I will answer your motivation question instead, for which the answer is positive.

If $L$ is a holomorphic line bundle over a compact Kähler manifold $(M^n,\omega)$ with $\omega$-degree zero, then there is a Hermitian metric on the fibers of $L$ with curvature $F$ and $\omega$-trace of the curvature equal to zero (what you call a harmonic Hermitian metric)

$$\omega^{n-1}\wedge F=0.$$

This is just the Hermitian-Yang-Mills equation, and I am saying that it can always be solved in the case of line bundles.

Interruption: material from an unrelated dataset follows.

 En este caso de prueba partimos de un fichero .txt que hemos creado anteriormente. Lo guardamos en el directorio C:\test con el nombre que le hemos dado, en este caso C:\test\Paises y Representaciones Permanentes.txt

This follows from simple Hodge theory. Start with any Hermitian metric on $L$, and call $F$ its curvature $(1,1)$-form. Since $L$ has $\omega$-degree zero, you have that $$\int_M \omega^{n-1}\wedge F=\int_M \Lambda F \omega^n=0.$$ Now solve the Poisson equation $$\Delta h=\Lambda F,$$ which can be done because of the integral of the RHS being zero. It follows that the new Hermitian metric on $L$ that you obtain by conformally rescaling the one you have by $e^h$, has curvature $$F_h=F-i\partial\overline{\partial}h$$ and by construction $$\omega^{n-1}\wedge F_h=0,$$ which is what you want.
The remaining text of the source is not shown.